Welcome to reverse_engineering_lib, your go-to Rust crate for peeling back the layers of binaries and understanding their innards! Whether you're a cybersecurity enthusiast, a malware analyst, or just plain curious about what makes executables tick, this crate has got your back.

Features 🌟

  • Entropy Calculation: Get a sense of the randomness within your binary, a vital clue in spotting packed or encrypted sections.
  • Color-Based Hex Visualization: Turn those drab hex dumps into a vibrant array of colors, because who said reverse engineering couldn't be a visual treat?
  • Detailed PE Analysis: Dive deep into Portable Executable files, extracting juicy details like entry points, section headers, and import/export tables.

Getting Started 🚀

First things first, you'll need Rust installed. If you haven't already, head on over to rustup.rs and follow the instructions.

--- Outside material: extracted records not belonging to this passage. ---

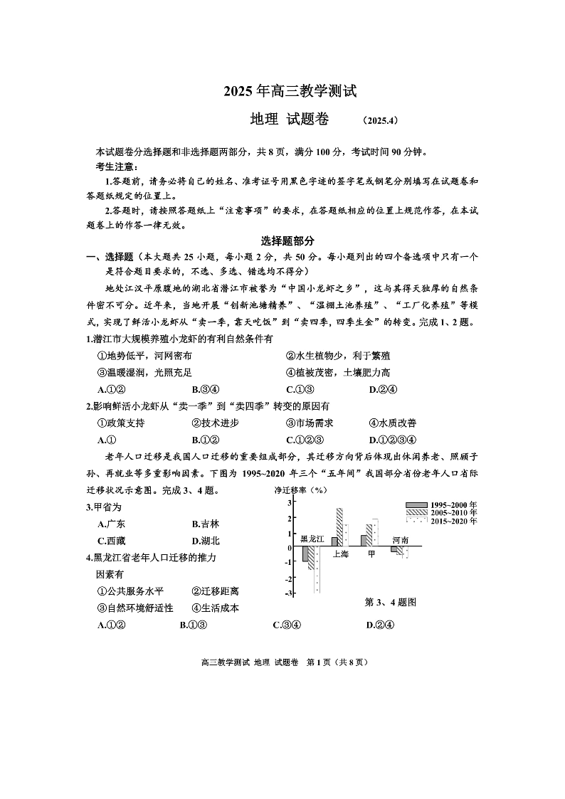 浙江省嘉兴市2024-2025学年下学期4月高三二模测试地理+答案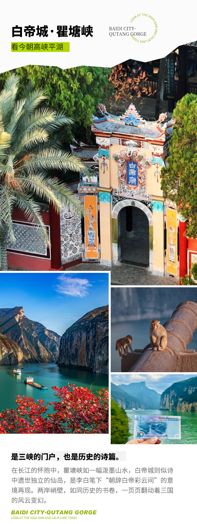 以“朝辞白帝彩云间,千里江陵一日还”的诗句而闻名于世的白帝城,位于重庆市奉节县城城东十里的白帝山上。我们将深入山间小路,拍摄瞿塘峡风光,如果你还能找到一张第五版10元人民币,别忘记带上,看看【夔门】过去和现在的变化,三峡大坝蓄水至海拔175米后,瞿塘峡已是高峡平湖,两岸险峰峻石依旧,既有满山红叶似彩霞的绚丽多姿,又有碧水荡漾、烟波浩渺的静美壮阔。
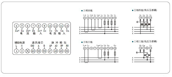 測量:三相電壓、電流、有功功率、無功功率、功率因數、電網頻率、有功電能,無功電能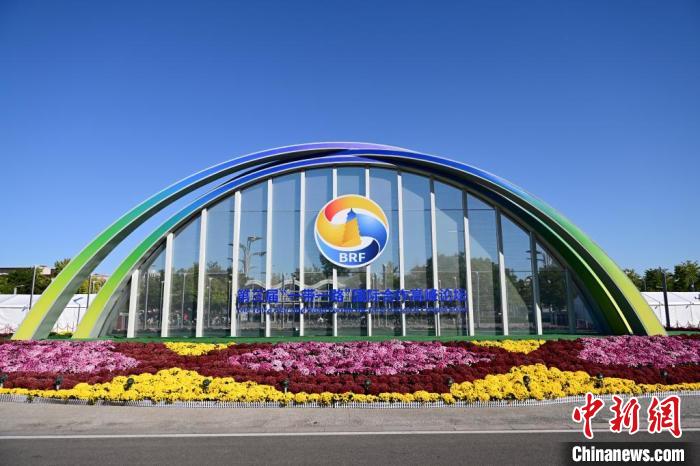 10月15日,北京,國家會(huì)議中心外的第三屆“一帶一路”國際合作高峰論壇景觀布置。當(dāng)日,位于國家會(huì)議中心的第三屆“一帶一路”國際合作高峰論壇新聞中心啟動(dòng)試運(yùn)行?!≈行律缬浾?田雨昊 攝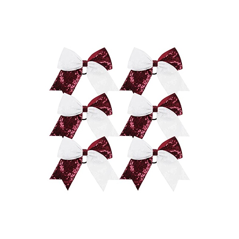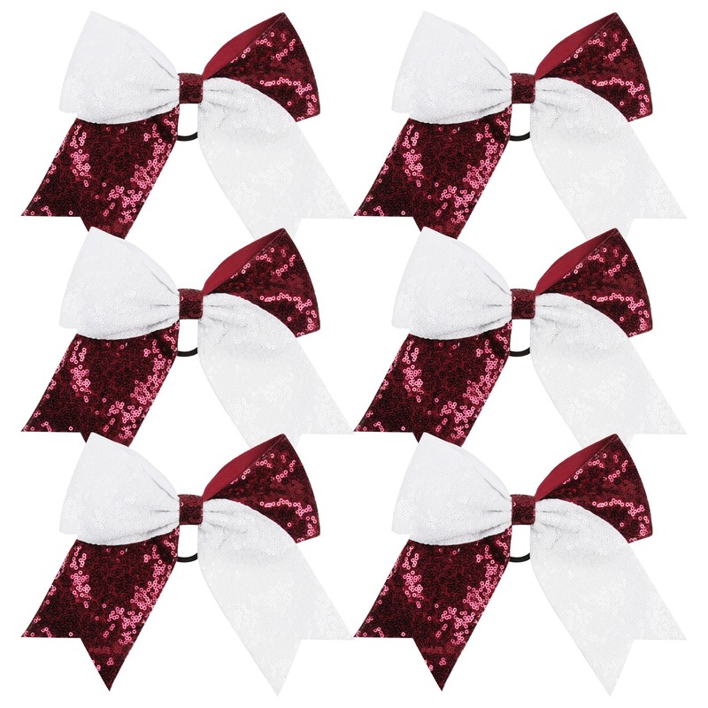 Cheer Bow Metallic Sequin Mermaid 8 Inch 2 Color Cheerleader Cheerleading Jumbo Cheer Bow (White/Maroon)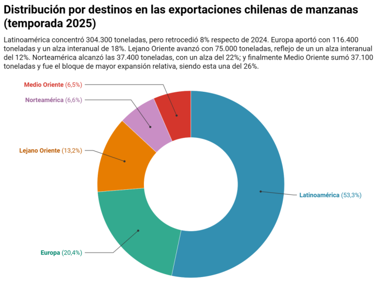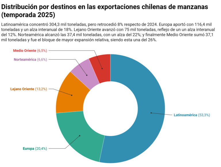 América Latina se mantuvo como el principal destino por volumen. Sin embargo, perdió participación frente al avance de Europa, Norteamérica y Medio Oriente. Con 570.119 toneladas exportadas, la temporada 2025 cerró con un crecimiento moderado y una reconfiguración del orden comercial de las manzanas chilenas.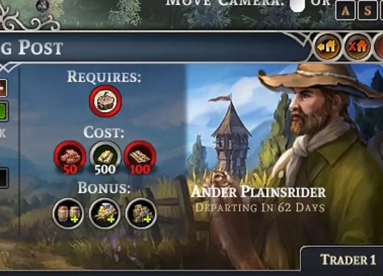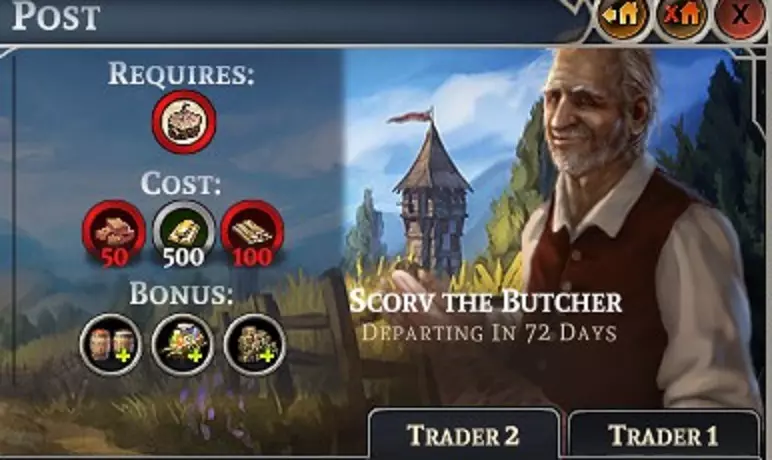 T1建筑 T2建筑 T3建筑 T4建筑 T5建筑 交易 市长先生,我们需要一些重型机器零件来建造风车!我们那些便宜货只会不停地坏掉。我们得找个贸易伙伴来帮忙。 市长先生:不如我们把那边那块地开辟出来,建个贸易站,这样远方的人们就能来卖给我们高价货,让我们心里美滋滋的! 市民:市长先生,这真是个好主意!我们再给您建一座雕像,因为您太聪明了! 在游戏中,总会有需要某种东西来制造另一种东西,但我们自己又无法生产的时候。这时贸易站就派上用场了。每年春天,至少会有2名商人来访,目前已知的商人池中有6名。他们各自携带不同的物品,并会向你购买不同的物品。 当你拥有1级贸易中心后,前4位商人将会出现。 当你将贸易中心升级至2级后,最后2位商人开始出现(可能还有更多我尚未遇到的商人)。最初的4位商人也会继续出现,以满足你的基本需求。 我猜想【市长先生】可以通过这些人的名字来判断他们兜售的商品。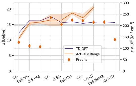 Figure 5. ML-predicted extinction coefficients ε and TD-DFT-calculated transition dipole moments μ of 10 dye candidates of interest in comparison with the experimentally available ε values [29,87,97,98,99,100].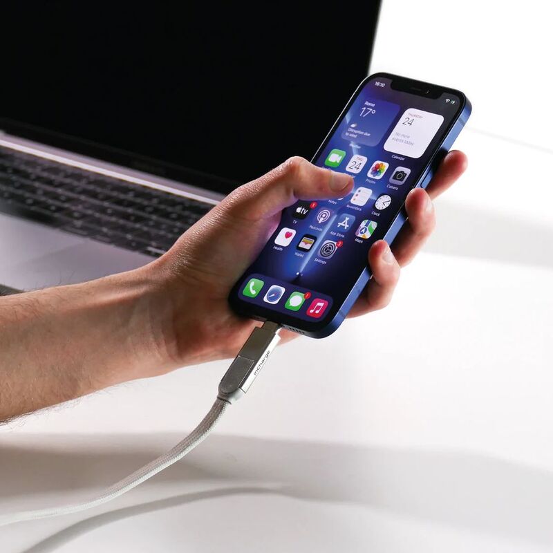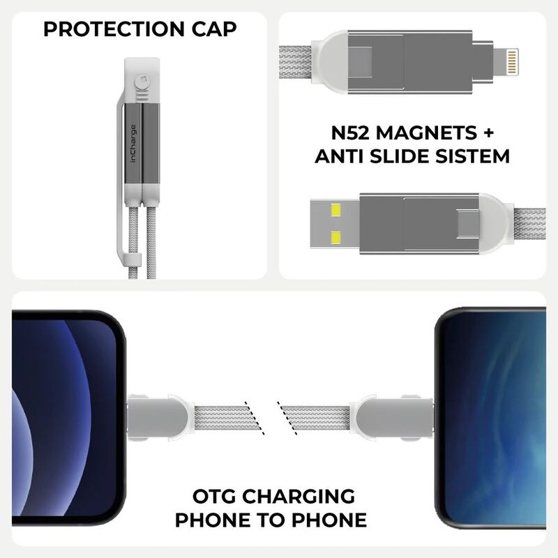 inCharge® XL 30cm is the only cable you will need for home and travel. It features 2 Inputs and 3 Outputs, for a total of 6 different connections, it allows Ultra Fast Charging up to 100W and Apple's Fast Charging up to 27W.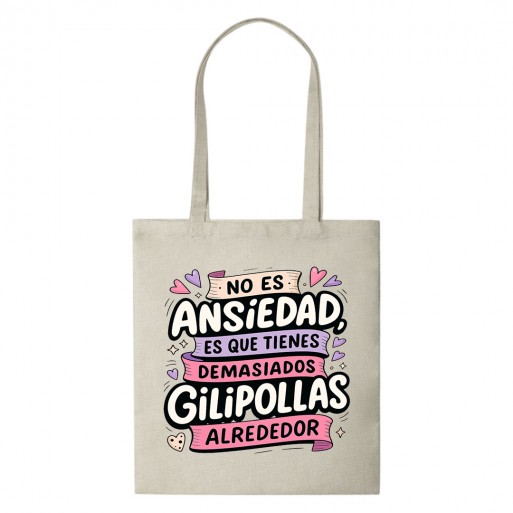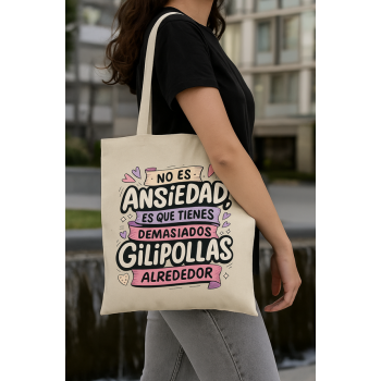 Dilo alto, claro y con estilo. Esta Tote Bag Multiusos Personalizada es el complemento ideal para quienes afrontan la vida con humor, sinceridad y un toque de sarcasmo. Con el mensaje “No es ansiedad lo que tienes, es que tienes demasiados gilipollas alrededor”, esta bolsa se convierte en un accesorio funcional… y en toda una declaración de intenciones.
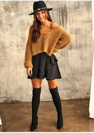 Krótkie swetry damskie są modne już od kilku sezonów. Mosquito nie pozostało obojętne na bieżące trendy i w swoich kolekcjach uwzględnia ten seksowny fason. Zmysłowy, miodowy sweter z moherem ma dekolt w kształcie V i zwraca uwagę grubym ściegiem. Krótka forma została zrównoważona długimi rękawami, które można dogodnie podwinąć. Dopracowane wykończenia u dołu i przy dekolcie dodają mu atrakcyjności. Sam dekolt w kształcie litery V stwarza możliwość do podkreślenia outfitu ciekawym naszyjnikiem. Luźny miodowy sweter z moherem zalotnie odkrywa ramiona, co sprawia, że nadaje się głównie na cieplejsze dni. Sięgając tylko do pasa, świetnie prezentuje się ze spodniami i spódnicami z wysokim stanem. Można go łączyć z odzieżą zarówno o jasnych, jak i ciemnych barwach. W casualowych zestawieniach nie musisz ograniczać swojej wyobraźni! Sweter doskonale komponuje się m.in. z rozkloszowaną spódniczką również dostępną w ofercie Mosquito. Szykowne swetry damskie Mosquito są szyte w Polsce, a ich projekty wychodzą spod ręki Alicji Komar, która zawsze stawia na maksymalny komfort i atrakcyjny design tworzonych ubrań. Nic dziwnego, że kolekcje Mosquito są cenione przez Polki znane z pierwszych stron gazet!

Once Rust is ready to go, clone the repo and navigate into your project directory:

git clone https://github.com/bdr-pro/reverse_engineering_lib.git
cd reverse_engineering_lib

Usage 🛠

Calculating the entropy of a binary is as simple as:


let entropy = calculate_entropy("path/to/your/binary.exe").unwrap();
println!("Entropy: {}", entropy);

For a color-based perspective of your binary:

let color_data = color_based_hex("path/to/binary.exe").unwrap();
// Implement your logic to visualize color_data

And to extract detailed PE information:

let details = extract_detail_exe("path/to/binary.exe").unwrap();
for (key, value) in details.iter() {
    println!("{}: {}", key, value);
}

Cli Mode 🖥️

The main function is in the main.rs file. It is a showcase of the library's capabilities by using the library's functions to analyze a binary file in cli mode.

Contributing 🤝

Got ideas on how to make reverse_engineering_lib even better? Pull requests are more than welcome! Whether it's adding new features, improving documentation, or fixing bugs, your contributions are what make the open-source community amazing.

License 📜

reverse_engineering_lib is distributed under the MIT License. See LICENSE for more information.

Acknowledgments 💖

Big shoutout to the developers of the Rust programming language, the creators of the sha2, rand, and goblin crates, and everyone in the cybersecurity community who shares their knowledge and tools. You rock!

Example main.rs 📂

For a practical example of how to use reverse_engineering_lib, check out the provided main.rs file in the repository. It's a ready-to-run showcase of the library's capabilities.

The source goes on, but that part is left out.